The schedule for the Deep Dive: Data Governance virtual conference is now live. Taking place October 1–3, 2025 this premier three-day event will bring together industry leaders and world-class experts to explore the latest advancements in Data Governance and Open Source AI.
From a strong pool of 50 proposals, we’ve curated 12 standout sessions across three key themes:
- Stewards of the data commons
- Frameworks for data governance
- Building and preserving public datasets
Explore the preliminary schedule below or access it via our mobile website:
| Time (EDT, UTC -4) | Session | Speaker |
| October 1st | Stewards of the data commons | |
| 12:00 PM | Opening Keynote: Data is the key to Open Source AI | Stefano Maffulli |
| 12:15 PM | A data pathway to building public AI | Alek Tarkowski |
| 1:00 PM | Governments as data providers for AI | Neil Majithia |
| 1:45 PM | Copycats and the Commons: Governing Open Data for Trustworthy AI | Natalia-Rozalia |
| 2:30 PM | Sovereign by Design: A Blueprint for Federated, Consent-Based AI Systems | Sal Kimmich |
| 3:15 PM | Wrap-Up + Live Q&A | Nick Vidal |
| October 2nd | Frameworks for data governance | |
| 12:00 PM | Keynote: Trends and Insights of China Open Source Ecosystem in AI Era | Nadia Jiang, Emily Chen |
| 12:15 PM | New licensing initiatives for AI training data | Ramya Chandrasekhar |
| 1:00:00 PM | How Data Provenance Powers Trustworthy AI | Lisa Bobbitt |
| 1:45 PM | The CLeAR Documentation Framework for AI Transparency | Kasia Chmielinski |
| 2:30 PM | Bias Transparency in Human-AI Systems: Open Data Governance Frameworks for AIED | Chaeyeon Lim |
| 3:15 PM | Wrap-Up + Live Q&A | Nick Vidal |
| October 3rd | Building and preserving public datasets | |
| 12:00 PM | Keynote: What should open source AI aspire to be? | Stefan Baack, Kasia Odrozek |
| 12:15 PM | Building Public Data for LLMs | Stella Biderman |
| 1:00 PM | A new paradigm for publishing library collections: Institutional Books 1.0, a 242B token dataset | Greg Leppert, Matteo Cargnelutti, Catherine Brobston |
| 1:45 PM | Beyond Extraction: Building Community-Centered Speech Data | Jessica Rose |
| 2:30 PM | Saving What’s Ours: The Data Rescue Project and the Fight for Public Data | Lynda Kellam, Mikala Narlock |
| 3:15 PM | Live Q&A + Closing Remarks | Stefano Maffulli |
The Deep Dive: Data Governance conference builds on the momentum of past events organized by the OSI, including the Deep Dive: AI webinars held in 2023, the Data in Open Source AI workshop held in 2024, and the early-2025 white paper “Data Governance in Open Source AI: enabling responsible and systematic access.”

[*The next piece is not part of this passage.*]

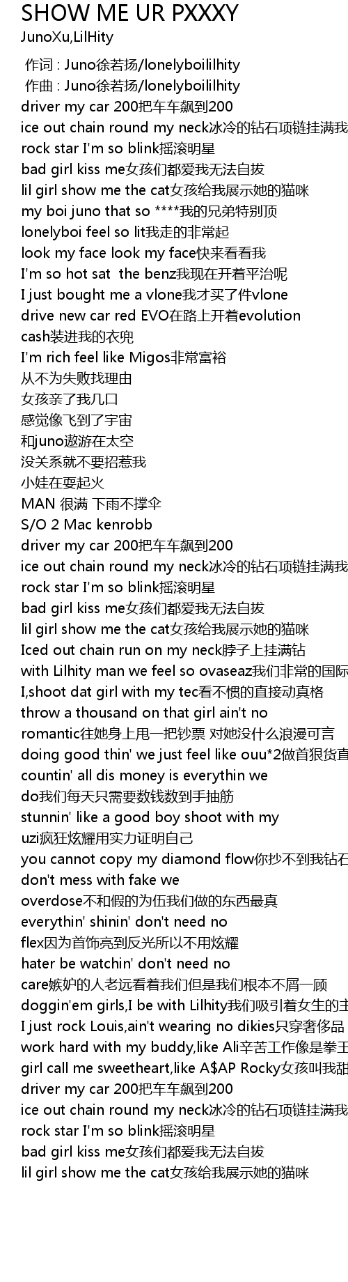 | [02:06.109] | stunnin' like a good boy shoot with my uzi feng kuang xuan yao yong shi li zheng ming zi ji |
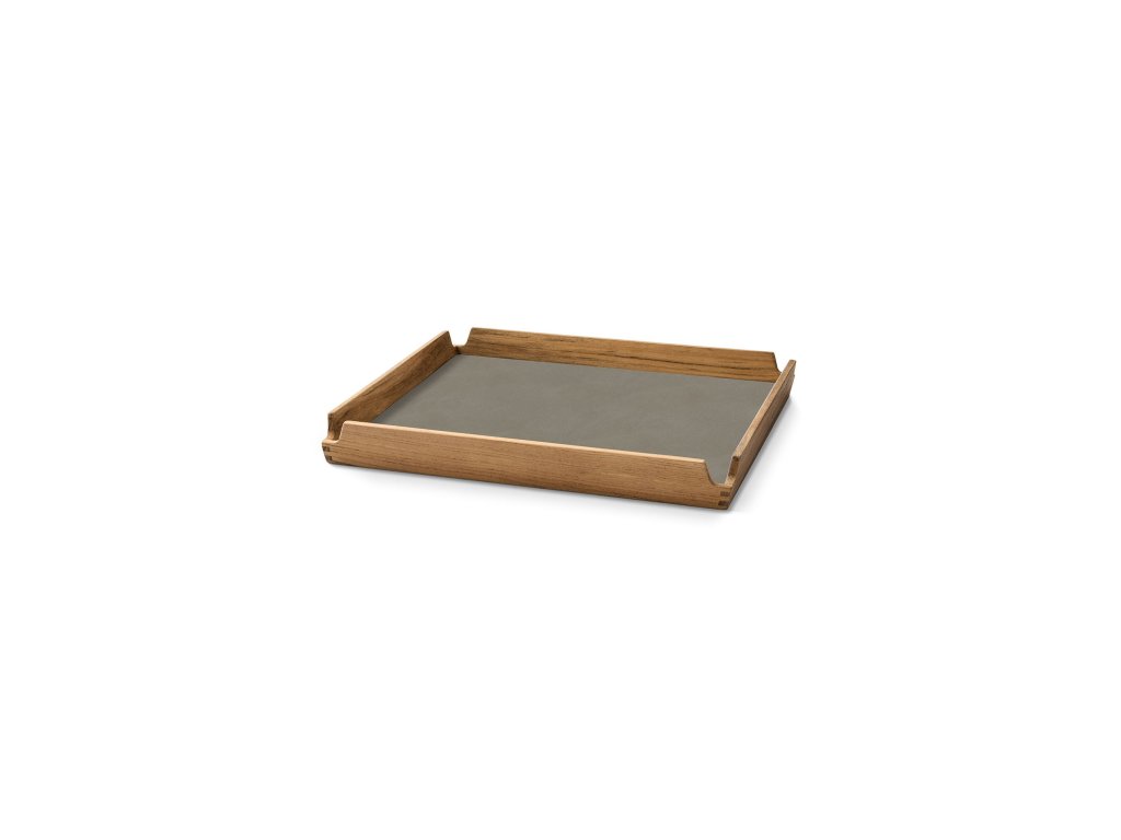 Stylový podnos z teakového dřeva s vložkou z recyklované kůže v odstínu FLINT GREY.

Data governance and Open Source AI are evolving rapidly, and this event is your opportunity to stay at the forefront. OSI’s Deep Dive brings together leading experts to share practical insights, emerging trends, and proven strategies that organizations of all sizes can apply. Registration is free and we invite you to join us.
We would like to thank the authors who have submitted their proposals and the Program Committee: Alek Tarkowski (Open Future), Anna Tumadóttir (Creative Commons), Carlo Piana (Open Source Initiative), Julie Hunter (Linagora), Masayuki Hatta (Surugadai University), Maximilian Gahntz (Mozilla Foundation), Nick Vidal (Open Source Initiative), Ramya Chandrasekhar (CNRS – Centre national de la recherche scientifique), Stefano Maffulli (Open Source Initiative), Shane Coughlan (OpenChain), and Malcolm Bain (Across Legal).